No, it's not dehydration which causes endurance athletes to collapse, it's hypoglycaemia, i.e. running out of carbohydrate. Or, in the case of the aforesaid English 800m runner, his liver desperately grabbing blood, i.e. oxygen, from where it was less required, e.g. his legs and his guts, in an attempt to prevent the flood of lactic acid it was receiving from killing him. Whereas all the fast marathon, 10000m and 5000m runners, particularly the world record breakers, aim for even pacing or slightly negative splits, all the British, and most of the world's 400m and 800m racers, run the first half around 10% quicker than the second half of their races. Crazy!

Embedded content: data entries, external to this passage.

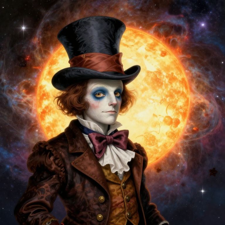 Digital artwork of a pale-skinned, white male with blue-painted eyes, wearing a black top hat, red ribbon, brown velvet jacket with gold buttons, and white ruffled shirt, adorned with a maroon bowtie. He has wavy brown hair and a stern expression. The background features a vibrant, glowing orange and yellow sun-like orb with cosmic, starry black space surrounding it, adding a surreal, magical atmosphere to the portrait. The style blends Victorian attire with fantastical elements.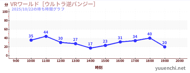 2025/10/22の待ち時間グラフ (VRワールド[ウルトラ逆バンジー])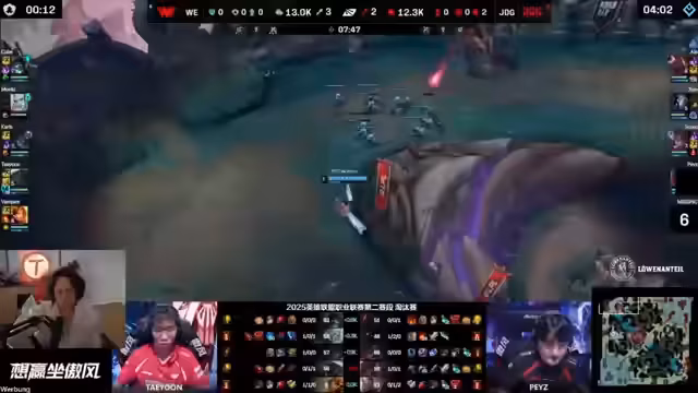 03:46:08WE besiegt JDG verdient und beendet damit deren Frühlingssaison. JDG kann nicht mehr zur MSI, zum Saudi Cup oder ins Finale der Frühlingsmeisterschaft. Die Series wird als eindeutig und dominant für WE beschrieben, die alte Legende schlug die neue Legende. Für JDG ist das bitter, da sie im Draft und während der Spiele fehlerfrei wurden, was an der starken Leistung von WE scheiterte.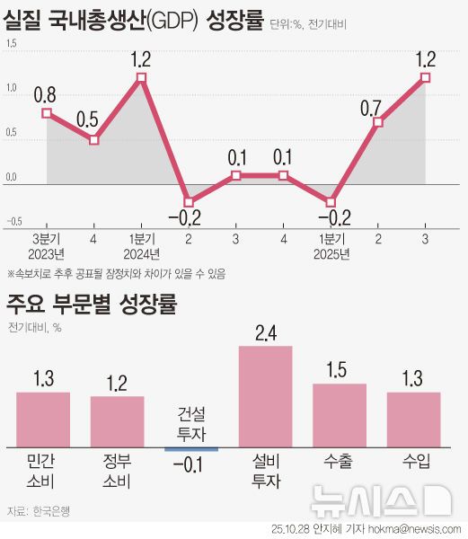 올해 3분기(7~9월) 우리나라 경제가 1.2% 성장하며 1년 6개월 만에 다시 1%대 성장률로 반등했다. 트럼프 행정부의 관세 여파에도 반도체와 승용차를 중심으로 수출이 호조세를 이어갔고, 민간소비는 새정부 출범에 따른 소비 심리 개선과 소비쿠폰 정책 효과에 3년래 최대폭으로 반등했다.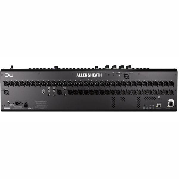 The Qu-7 comes equipped with 32 mic/line combo inputs, two stereo line inputs, 20 XLR outputs, two TRS outputs, and one stereo AES3 digital output. It features a 7″ capacitive touchscreen, 33 motorized faders, four channel strip layers, and eight SoftKeys. Additionally, the Qu-7 includes multiple options for recording/playback including a stereo USB-A port, 32×32 USB-C port, and SD card slot.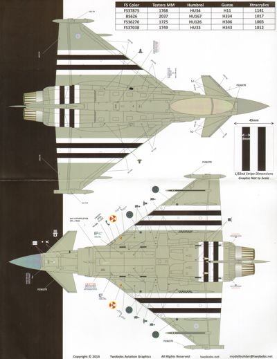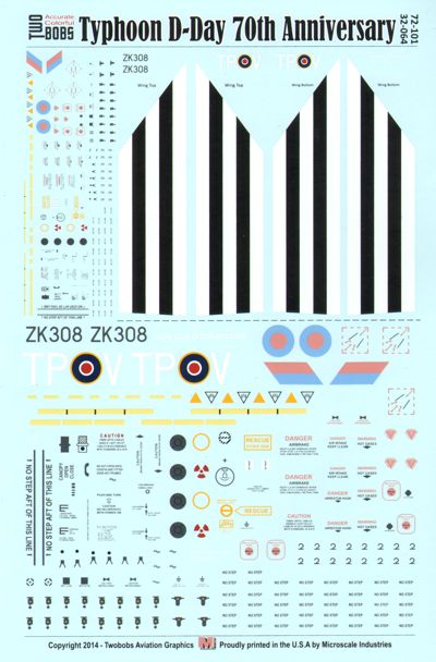Two Bobs - 1/32/1/72 Eurofighter EF-2000A Typhoon. To commemorate the 70th Anniversary of the Normandy Invasion, the Royal Air Force adorned an aircraft from RAF Coningsby, Lincolnshire with D-Day invasion stripes in 2014. This aircraft is making its way through the European airshow circuit and pays homage to the crews of the WWII era Hawker Typhoon. This sheet has both 1:32 and 1:72 markings on. TB72101.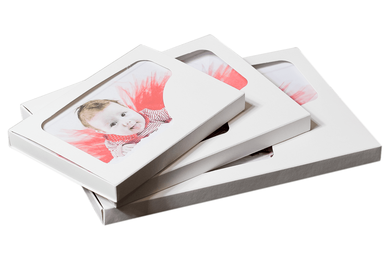 To chyba najbardziej popularne opakowanie, które pozwala pięknie wyeksponować kilka fotografii. Zdjęcia wsuwamy w ramki. Jest też miejsce na płytę czy wizytówkę fotografa.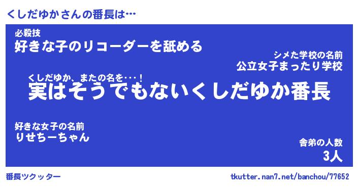 | 恥ずかしいあだ名 | 『プリティーくしだゆか』『くしっちょ』 |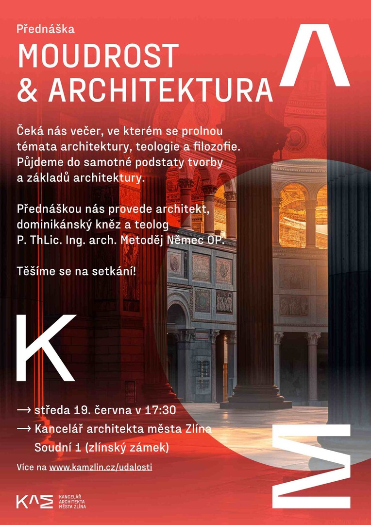 Přednáškou nás provede architekt, dominikánský kněz a teolog P. ThLic. Ing. arch. Metoděj Němec OP. Na Fakultě architektury VUT byl P. Němec mimo jiné spolužákem ředitele KAM Zlín Jindřicha Nového.
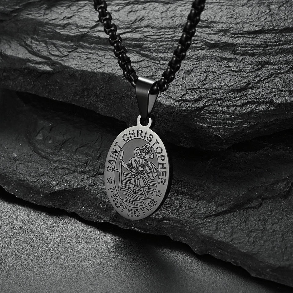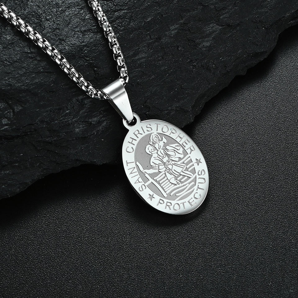 New Stainless Steel Archangel Saint Michael Necklace Saint Christopher Medal Religious Christian Pendant Necklace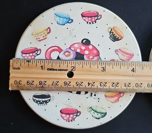 Mary Engelbreit Teapot Design Set of 4 Round Cork Backed Stone Coasters Vintage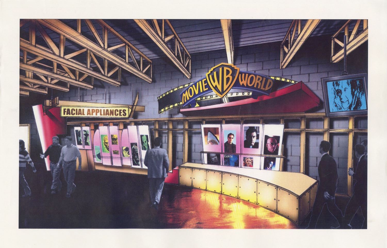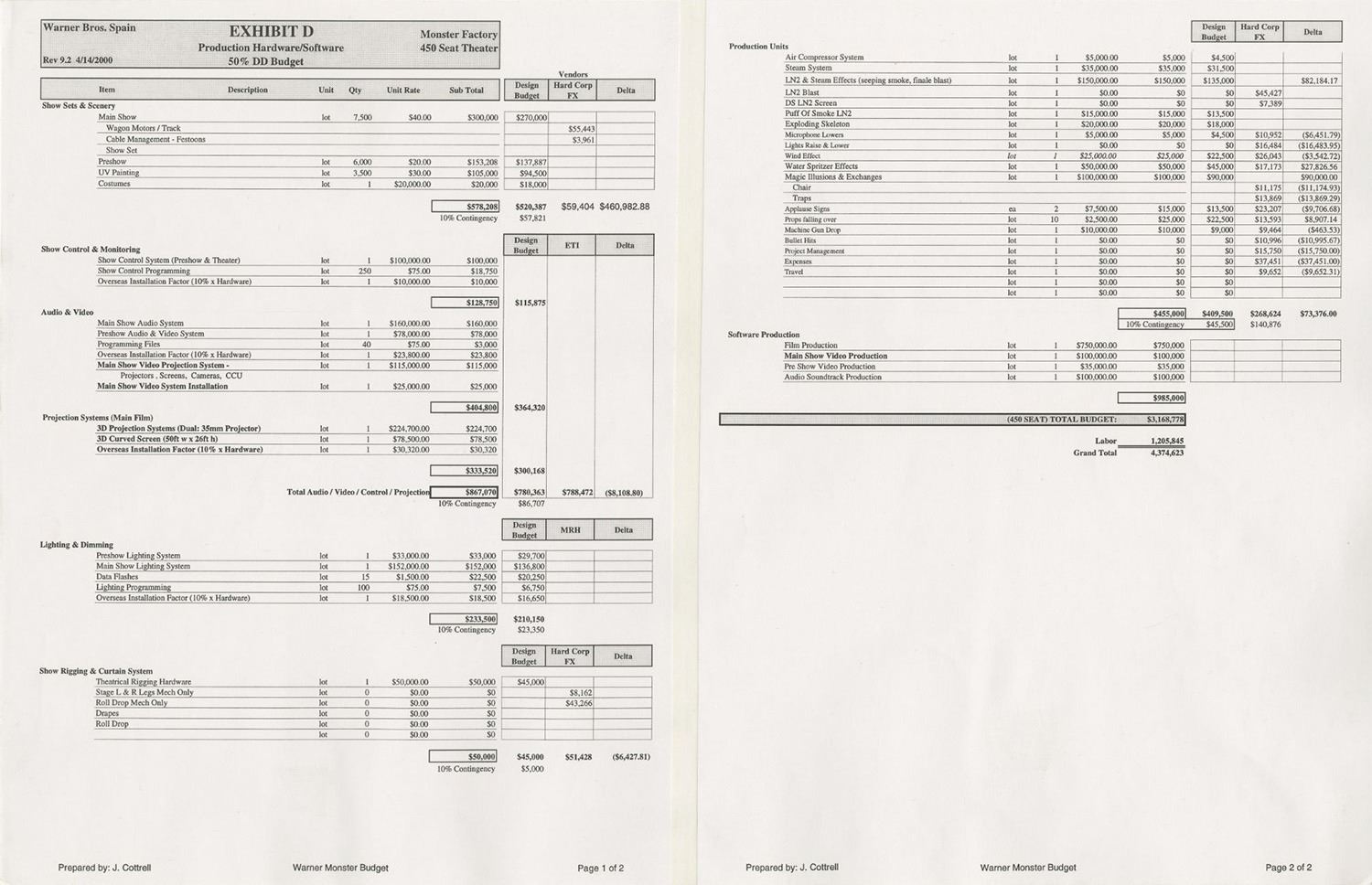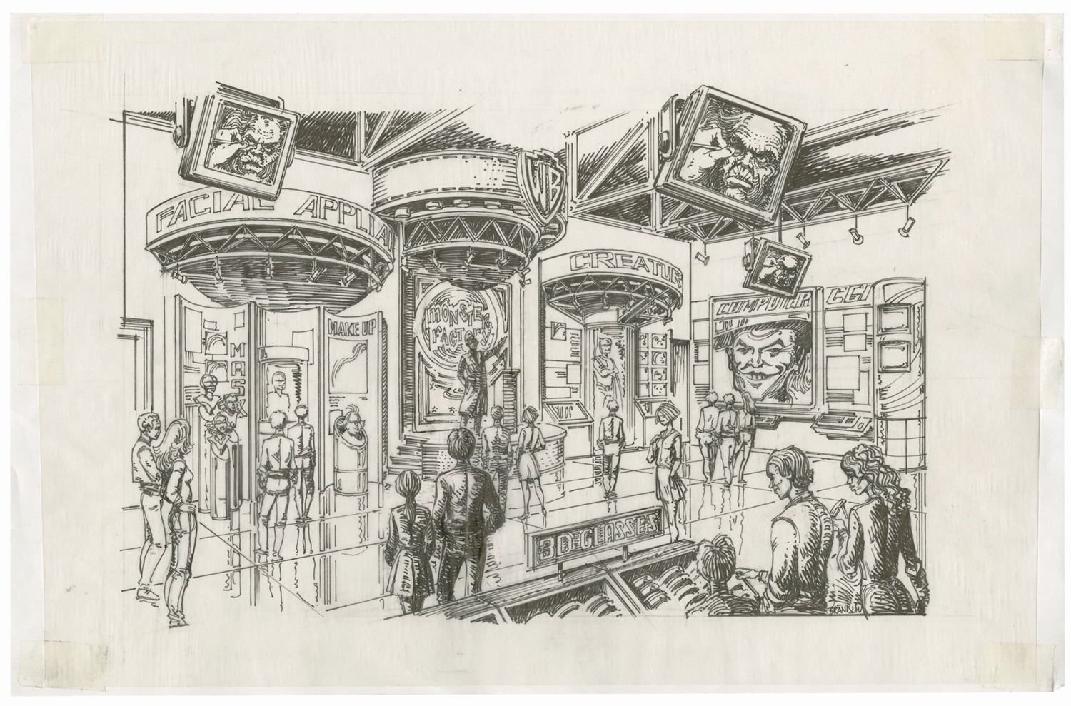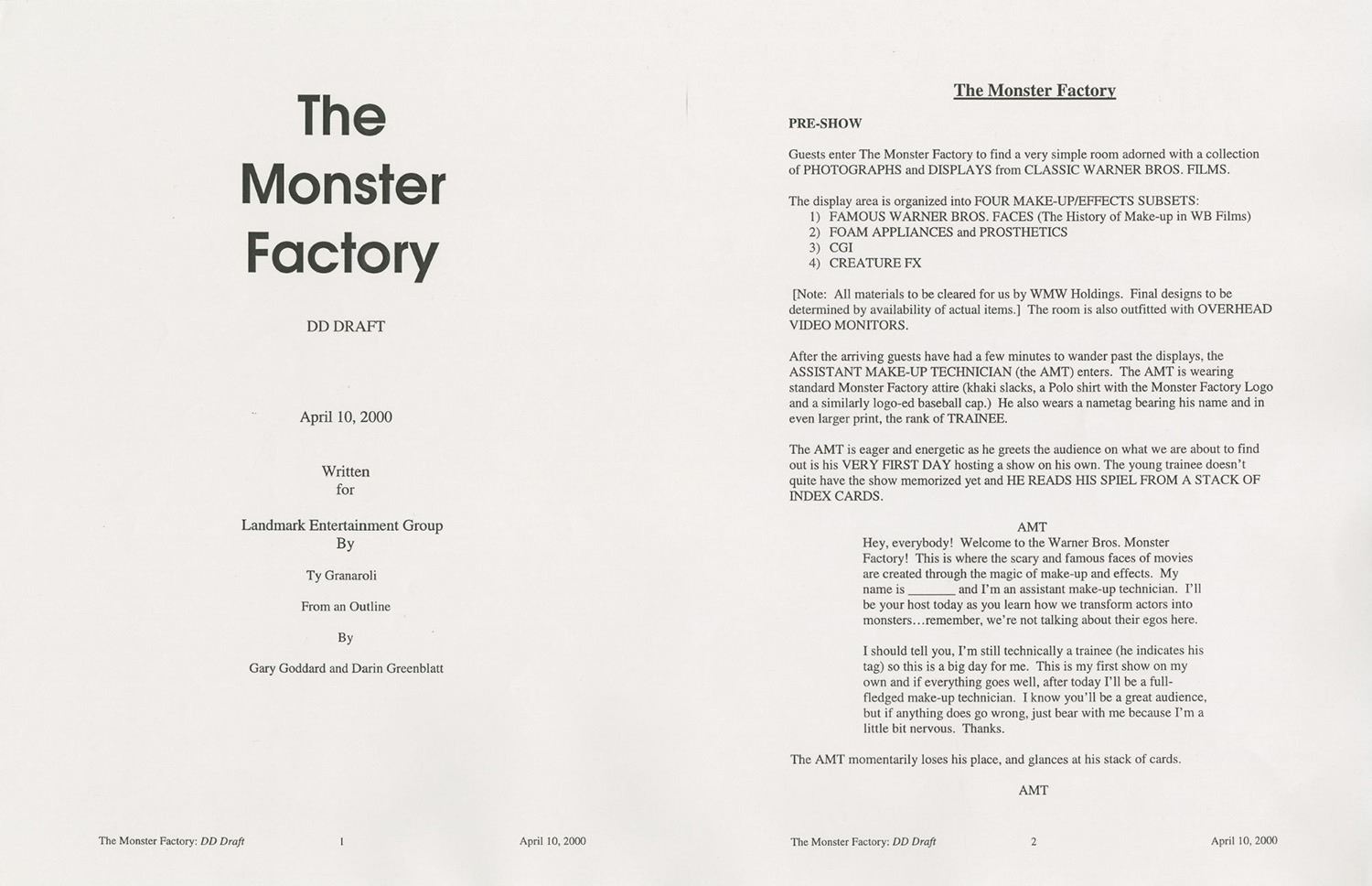 (Landmark Entertainment, 2000) A pair of storyboards of Monster Factory for Warner Bros Movie World, and a design reference manual. One of the storyboards is an original ink drawing, and the other is a hand-colored xerox. The design manual includes a budget, a design schedule, and a script. Measuring 11"x17", the concepts and 25-page manual are in very good condition with some edge-wear.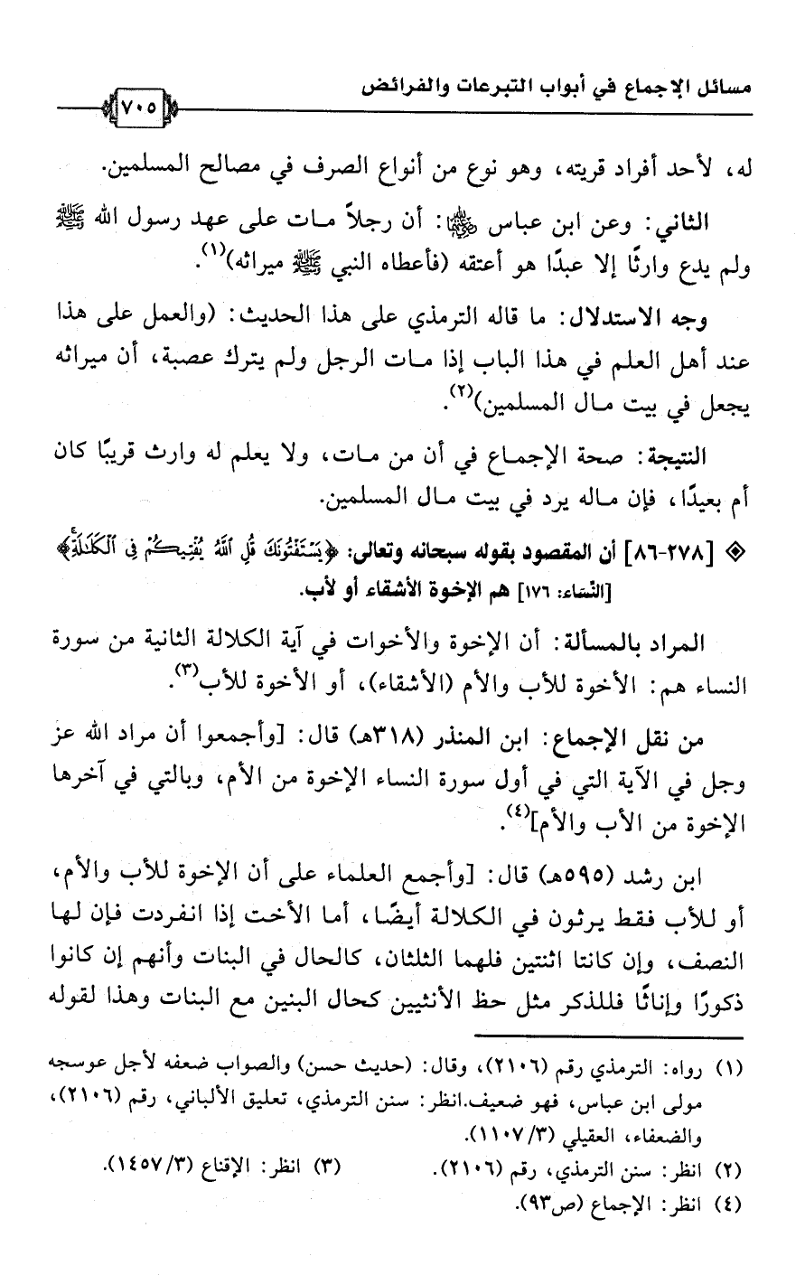 • وجه الاستدلال: ما قاله الترمذي على هذا الحديث: (والعمل على هذا عند أهل العلم في هذا الباب إذا مات الرجل ولم يترك عصبة، أن ميراثه يجعل في بيت مال المسلمين) (¬2).Rصحة الإجماع في أن من مات، ولا يعلم له وارث قريبًا كان أم بعيدًا، فإن ماله يرد في بيت مال المسلمين.

Subsequent to my failure to achieve that M65 100 mile WR back in 1996, due to hypoglycaemia, I'd been increasing my carbohydrate intake per mile for each race to the point, as I was collecting the M70 WR's for 50k to 50miles, I threw up, as the Americans say (yes, that race was in the USA : Megan's Run in Portland, Oregon). For Comrades, I reckoned I would need 900g of the stuff. With an estimated 250g from my usual carbohydrate loading regime; 242 from the PowerGels I'd bought after talking to the PowerBar man at the London Marathon Expo; the Coke at, say, 150ml at 6% CHO another 414, that made a total of 906. Cracked it! With, of course, all those bananas to hand should I have underestimated the extra calorie cost for that vertical mile climb from Durban on the Up course.

Comrades starts at 0600 hrs, in the dark, so that the sub 11 hour finishers don't need torches to light their way from the 10th hour in. I arrived at 05:30 to find the road leading up to the start almost deserted and, it seemed, the whole 11,000 plus field already in place.